New PH Red Cross lab to boost testing for coronavirus
MANILA, Philippines — The country’s testing capacity for the new coronavirus disease (COVID-19) is expected to expand after the Philippine Red Cross formally opened on Saturday a molecular laboratory that can process up to 14,000 samples in a day.
The new facility, located at the Red Cross’ former headquarters at Port Area, Manila, is equipped with seven RNA extractor machines (pertaining to the coronavirus strand ribonucleic acid) and 14 polymerase chain reaction (PCR) machines used in the so-called gold standard in coronavirus testing.
Each automated machine can process up to 1,000 swab samples a day.
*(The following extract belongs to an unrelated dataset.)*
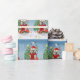 En hund i snö med julklappar och snö fall är en perfekt gåva till någon som kärlek hundar.

These same machines could also be used to detect other illnesses like tubercolosis, hepatitis and leukemia, as well as the Zika virus borne by mosquitoes and the human immunodeficiency virus.
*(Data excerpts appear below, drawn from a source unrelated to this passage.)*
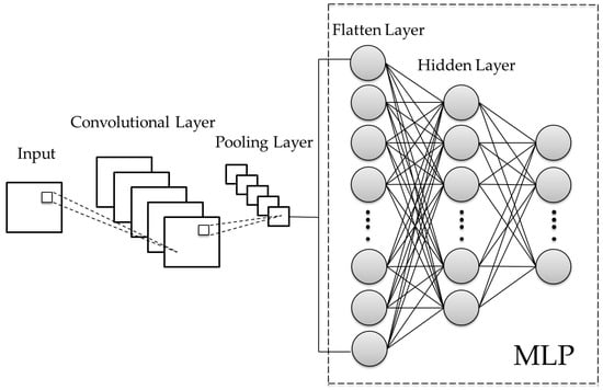 The main difference between CNN and traditional MLP lies in the addition of the convolutional layer and the pooling layer as shown in Figure 1. The emergence of CNN has made rapid progress in machine learning in the visual part. It mainly uses the concept of mask in a machine-vision study where convolution operations are performed in the convolutional layer, and the amount of calculation can be reduced through the introduction of the pooling layer. Finally, a large number of complex neuron connections in MLP are used to assist the machine in classification and learning [22,23]. The calculation method is described below.
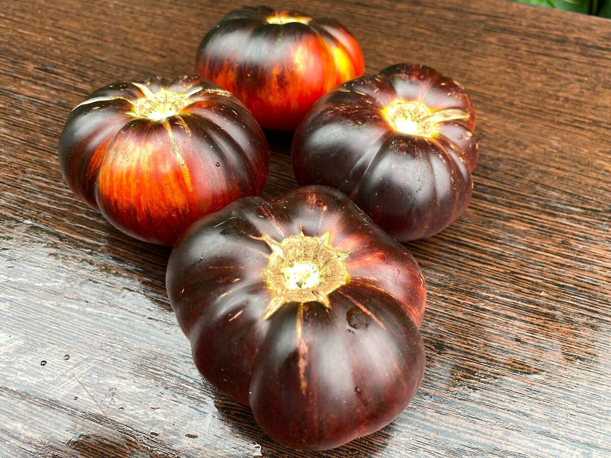 Сорт-красавец Мост над неспокойной рекой. Оранжевые с красным и синими, почти чёрными антоциановыми плечиками с малиновой мякотью.
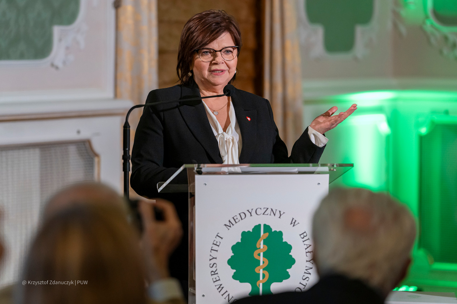 Macie pełne prawo być bardzo dumni ze swojej uczelni, jej historii, absolwentów – ze wszystkiego, co robili Wasi poprzednicy i co Państwo robicie. Wypracowaliście niezwykłą markę. Dziś trudno w Polsce znaleźć szpital, w którym nie byłoby lekarza po medycynie w Białymstoku. A te 75 lat to nie tylko kształcenie medyków, leczenie i dbałość o pacjentów, ale także badania. Mury, inwestycje, sprzęt – to wszystko jest ważne. Ale w medycynie najważniejszy jest człowiek. Wszystko, co robicie dla studentów, badaczy, robicie dla nas, pacjentów. Dziękuję za to myślenie o pacjencie.

Former Health Secretary Paulyn Ubial, who is in charge of PCR’s laboratories, said the total cost of processing a swab sample amounts to at least P3,500.
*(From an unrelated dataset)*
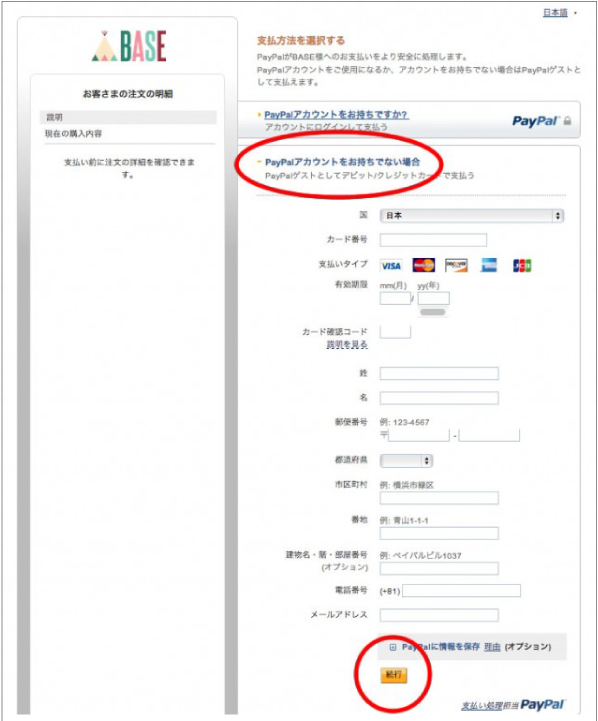 - PayPal アカウントをお持ちでないお客様は「クレジットカードで支払う」を選択してお手続きください。

This is still significantly lower compared to testing at other laboratories, she said.
Results can be released in 24 to 72 hours.
Over 18,000 specimens have been tested at the Manila laboratory since it was accredited by the Department of Health (DOH) on May 15, Ubial said, adding that the highest number of samples processed by the Red Cross in one day was 6,000.
Sen. Richard Gordon, chair and CEO of the Red Cross, said in an interview that the aim is to test 1.7 million people in the National Capital Region, or about 13 percent of Metro Manila’s total population of 12.9 million.
Gordon cited the World Health Organization’s recommendation that countries should test 13 percent of their population—which means the Philippines needs to test 14 million of its almost 110 million people.
In contrast, the government has targeted to test 1 percent of the population by the end of July. As of last week, 609,327 have been tested, according to the DOH data.
The same data shows an average of 12,000 to 14,000 tests conducted daily, as opposed to the DOH’s target goal of 30,000.
Gordon said that “theoretically we can finish Metro Manila in 50 days. This is the epicenter and if we [hit the target number] the [transmission] will be lessened.”
The Red Cross is also looking to ramp up testing in Cebu province due to the mounting number of cases in the area.
“We want to lessen the stress of the people,” Gordon said.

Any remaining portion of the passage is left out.